I reboot the machine, and I find my machine resume from S4 and continue doing the reliability test, I think it is hang at the suspend part of S4. I have save the dmesg, but I don't know why there's only a little messages in it. I paste it below:


[  788.893800] [drm:ironlake_panel_vdd_off_sync], PP_STATUS: 0xabcd000f PP_CONTROL: 0x80000008
[  789.628751] ax88179_178a 1-6.2:1.0 enp0s20u6u2: ax88179 - Link status is: 1
[  789.881664] hpet_rtc_timer_reinit: 7 callbacks suppressed
[  789.885830] hpet1: lost 9599 rtc interrupts
[  790.212860] hpet1: lost 9599 rtc interrupts
[  790.558977] hpet1: lost 9599 rtc interrupts
[  790.885549] hpet1: lost 9600 rtc interrupts
[  791.159335] hpet1: lost 9600 rtc interrupts
[  791.432820] hpet1: lost 9600 rtc interrupts
[  791.709419] hpet1: lost 9600 rtc interrupts
[  792.035632] hpet1: lost 9599 rtc interrupts
[  792.382003] hpet1: lost 9599 rtc interrupts
[  792.708658] hpet1: lost 9600 rtc interrupts
Comment 19 Lan Tianyu 2013-09-13 02:39:43 UTC
From this log, it is hpet issue and not related with pm core's hibernation code.
Further more, s4 still works after reboot.
Comment 20 Aaron Lu 2013-09-13 03:09:51 UTC
(In reply to shui yangwei from comment #18)
> [  788.893800] [drm:ironlake_panel_vdd_off_sync], PP_STATUS: 0xabcd000f
> PP_CONTROL: 0x80000008
> [  789.628751] ax88179_178a 1-6.2:1.0 enp0s20u6u2: ax88179 - Link status is:
> 1
> [  789.881664] hpet_rtc_timer_reinit: 7 callbacks suppressed
> [  789.885830] hpet1: lost 9599 rtc interrupts
> [  790.212860] hpet1: lost 9599 rtc interrupts

Try unset CONFIG_HPET_EMULATE_RTC in you kernel config and see what would happen.
Comment 21 Lan Tianyu 2013-09-13 07:24:25 UTC
Hi Yangwei:
       Could you check the machine's swap partition and test with kernel param "resume=(swap partition e.g /dev/sda3)" ?
Comment 22 shui yangwei 2013-09-16 05:20:15 UTC
(In reply to Lan Tianyu from comment #21)
> Hi Yangwei:
>        Could you check the machine's swap partition and test with kernel
> param "resume=(swap partition e.g /dev/sda3)" ?

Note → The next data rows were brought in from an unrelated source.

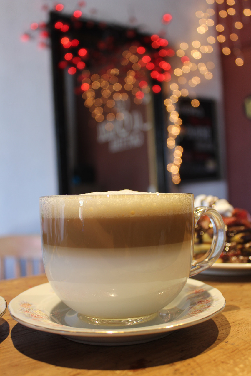 Leche espumosa con café expreso y un poco de canela encima. 12 oz.
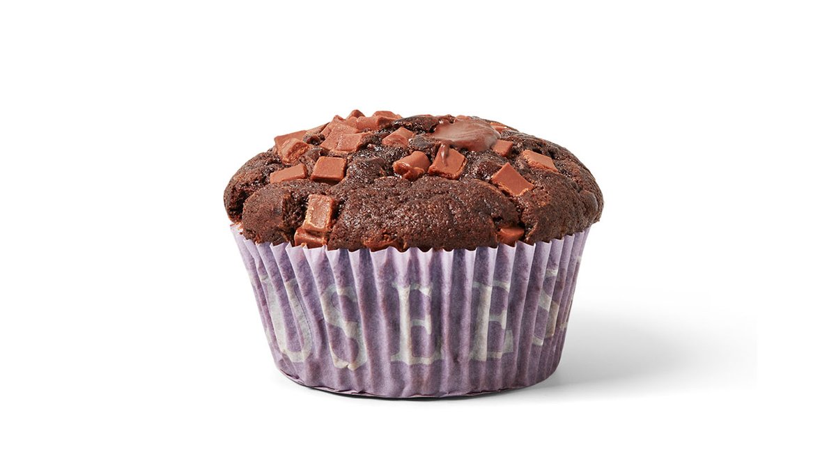 Sjokolademuffins fylt med sjokoladebiter og trøffel. Toppet med melkesjokoladebiter.
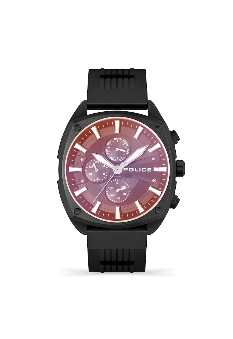 Caracteristici generale Tip mecanism: quartz Stil: casual Tip display: analog Functii: afisare data Rezistenta la apa: 3 atm Cadran Material geam: cristal mineral Culoare cadran: negru Tip citire cadran: linii Carcasa Forma carcasa: rotunda Material carcasa: inox Culoare carcasa: negru Diametru carcasa: 47 mm Curea/bratara Tip: curea Material curea/bratara: silicon Culoare curea/bratara: negru
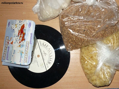 Найдите для этой поделки старую виниловую пластинку, достаньте пластилин, рис, пшено, макароны ракушки и простые трубочки.
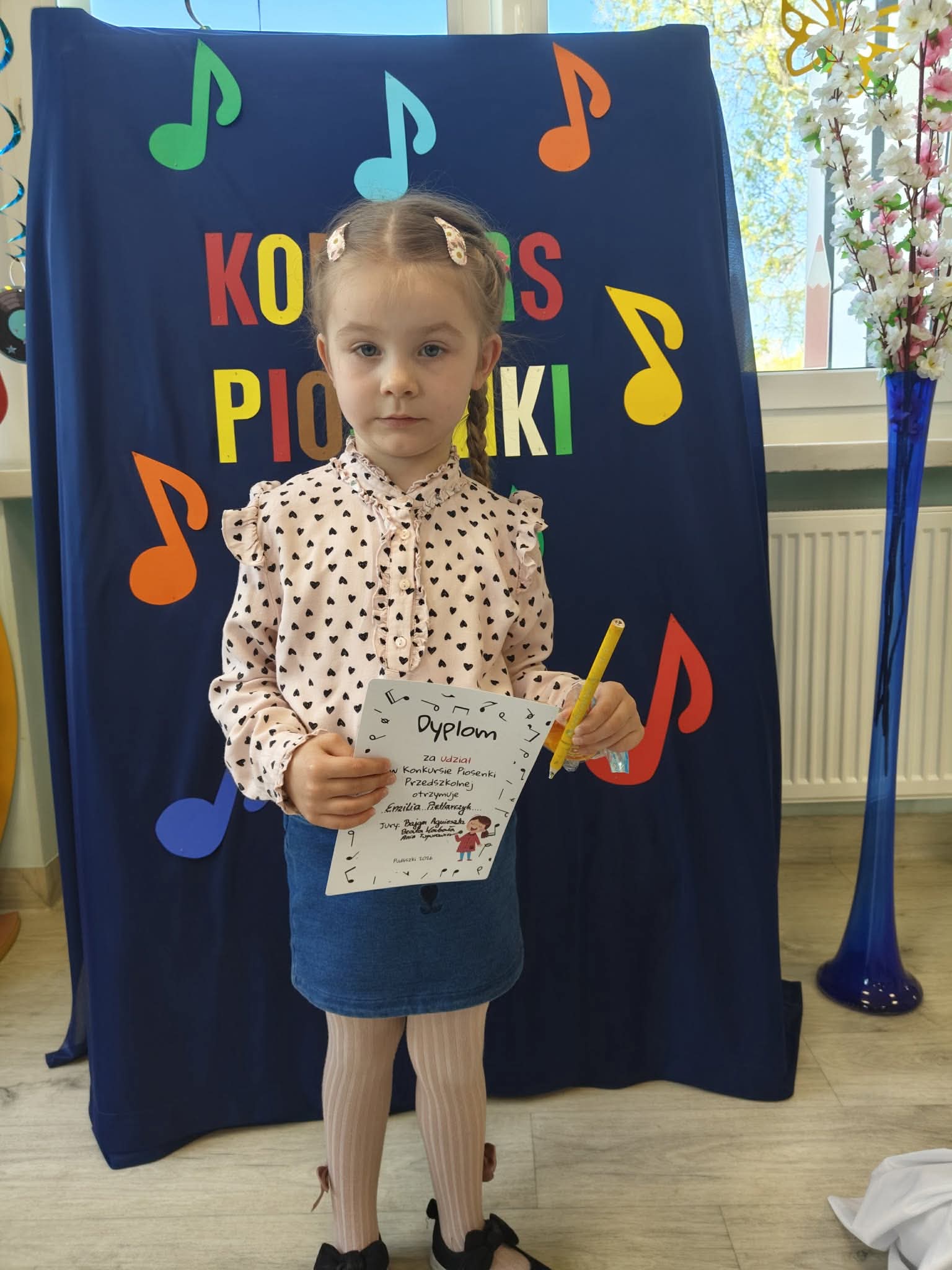 Wszystkie występy były wyjątkowe i pełne zaangażowania. Mali artyści wykazali się ogromną odwagą, a także radością ze wspólnego śpiewania. Każde dziecko zostało nagrodzone brawami, a uczestnicy konkursu otrzymali dyplomy oraz drobne upominki.
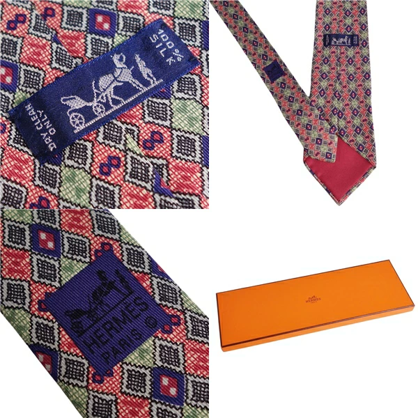 [Excellent Condition] Hermes HERMES Tie, All-over Pattern, 100% Silk, Men's, Made in France, Multicolor [Pre-owned]
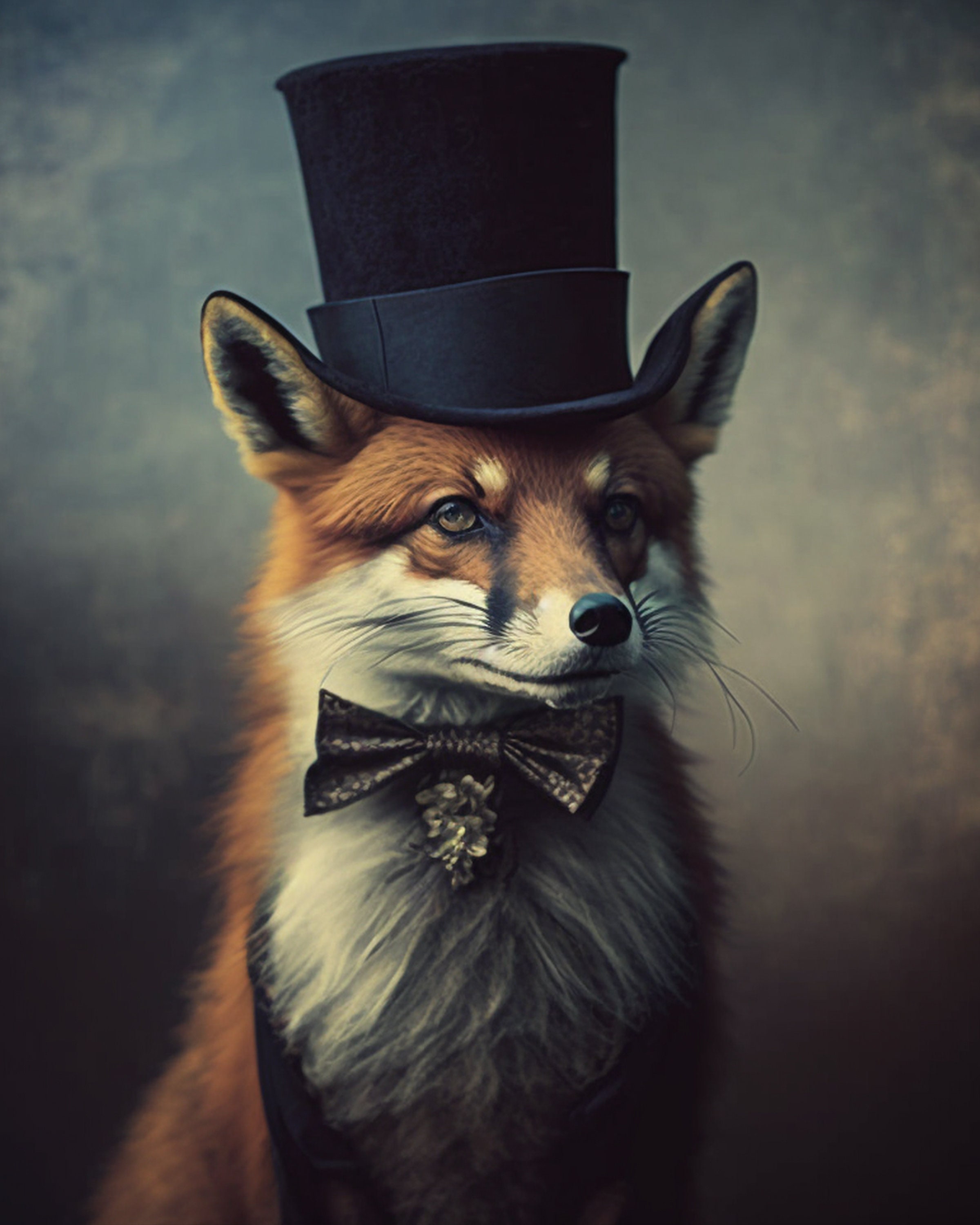 Fox with a hat Outlet, Premium AI Image | A fox wearing a top hat and a top hat is standing in front of a dark background. Outlet
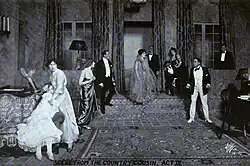 The Broadway premiere for The Country Cousin came on September 3, 1917, at the Gaiety Theatre.[12] Theodore Roosevelt was present in a box as a guest of Julian Street,[13] and was forced to make a speech in response to a "tremendous ovation". He called The Country Cousin "a first-class American play", a sentiment with which the Brooklyn Daily Eagle critic agreed. They liked the acting of Carlisle, Eugene O'Brien, and Donald Gallaher, but thought Arthur Forrest as the conniving father was "hopelessly out of the picture".[14]
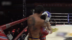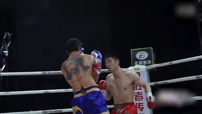 蓝桑坤不愧是泰国名将,他的肘法快速迅猛,且杀伤力十足,曾一度给张开印造成了不小的威胁,多次违规以肘部击打张开印后脑。
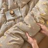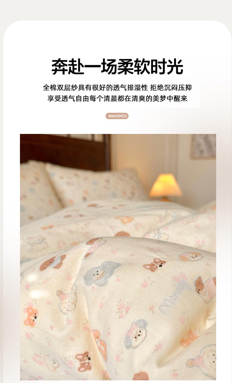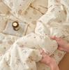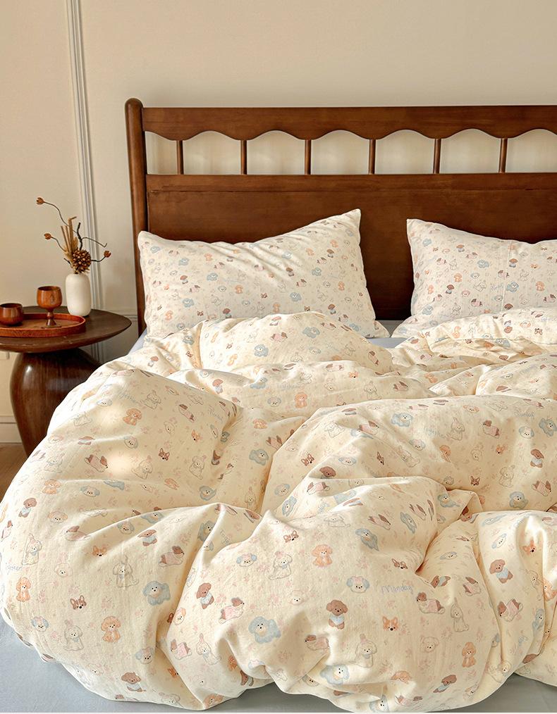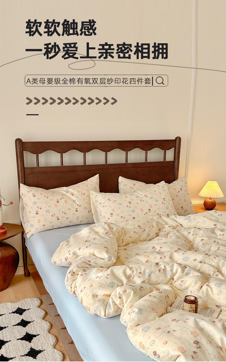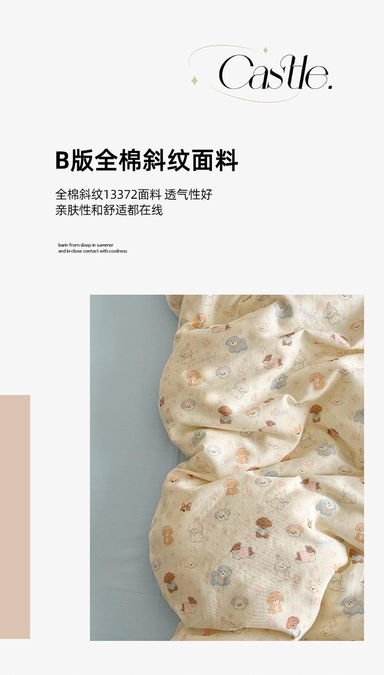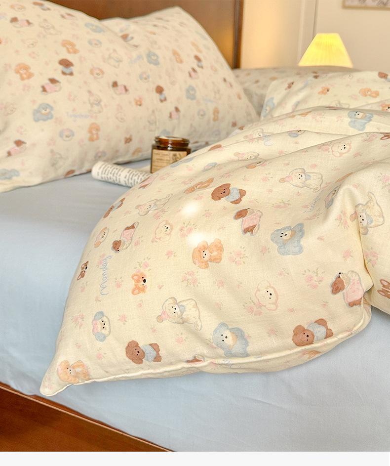 Juego de edredón de algodón de doble capa de cuatro piezas de calidad materna e infantil de clase A, adorable funda de edredón de algodón con dibujos animados de corazón para niña, ropa de cama de 1,5 m y 1,8 m
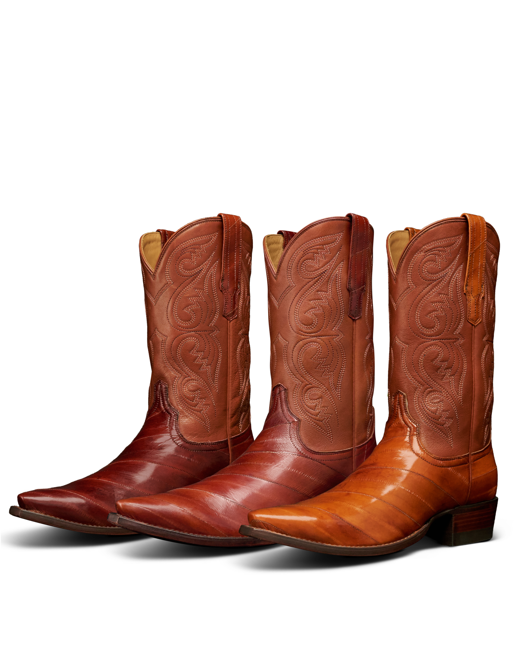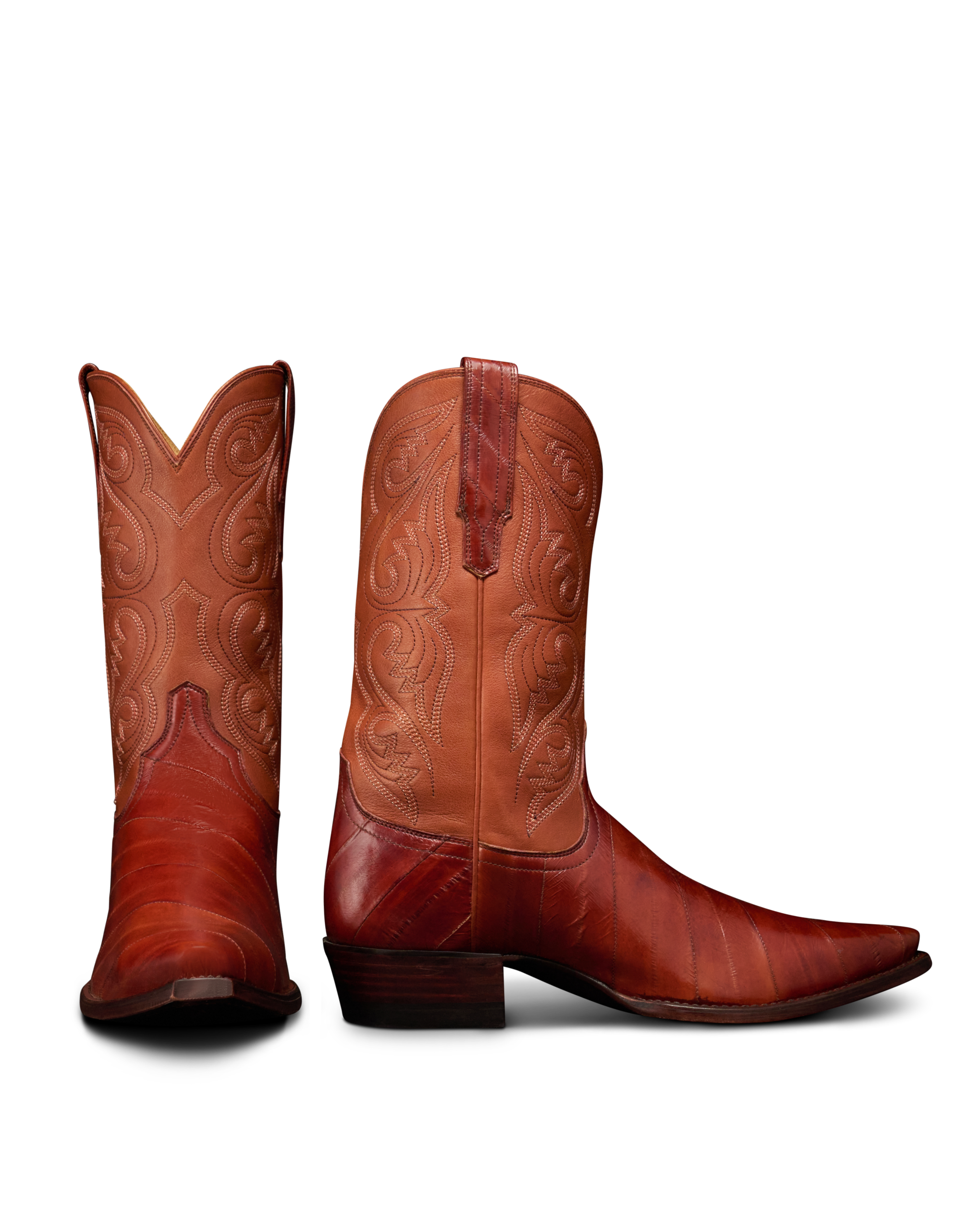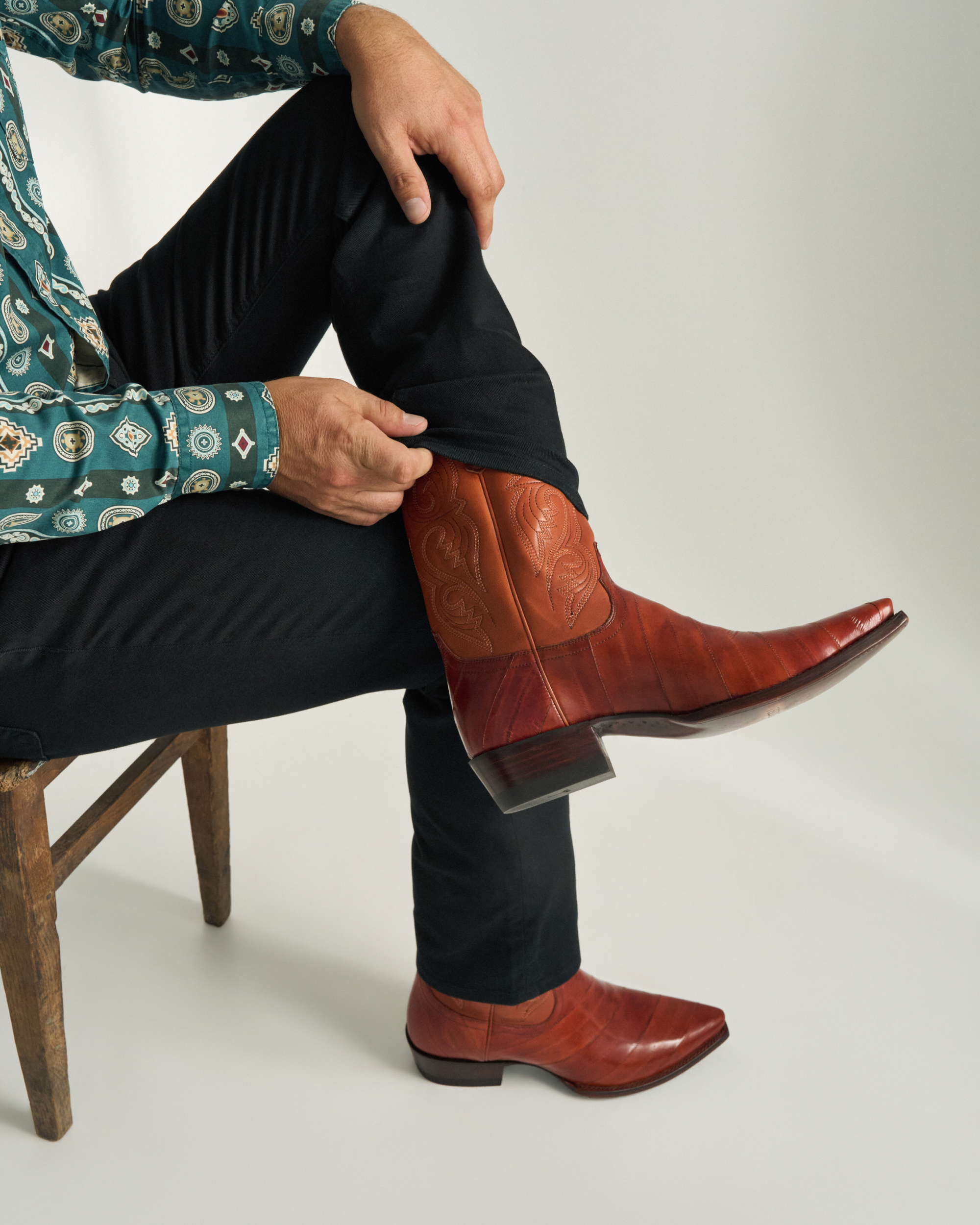 The Garrett snip-toe boot gets a rare twist in eel leather, a material with a character all its own. Each eel has a slightly different color, so the tone varies from pair to pair. The striking linear pattern of the eel, paired with an intricately stitched cowhide shaft, blends vintage Western style with refined craftsmanship.

Yeah, I tested it just like what you say, loop running S4 120 rounds, all passed. Might this kernel command really worked.
Comment 23 Lan Tianyu 2013-09-16 05:41:35 UTC
This proves hibernation function works since this param is to make kernel to start hibernation resume. Original the hibernation resume is triggered by initrd. So I think the initrd was abnormal and didn't trigger hibernation resume. The reboot also is suspicious and seems not a ordinary reboot because the log doesn't show some logs of reboot.
Comment 24 Guang Yang 2013-11-08 08:15:49 UTC
Tianyu, any updated or idea for this bug?
Comment 25 Lan Tianyu 2013-11-08 08:36:16 UTC
Sorry, current have no idea about what the user space did to trigger the abnormal reboot.
Comment 26 Lan Tianyu 2013-12-02 08:20:15 UTC
Since this bug is hard to root cause and this maybe triggered by Bios(Baytrail-M is still under developing and Bios is not stable), mark this bug as WILL_FIX_LATER.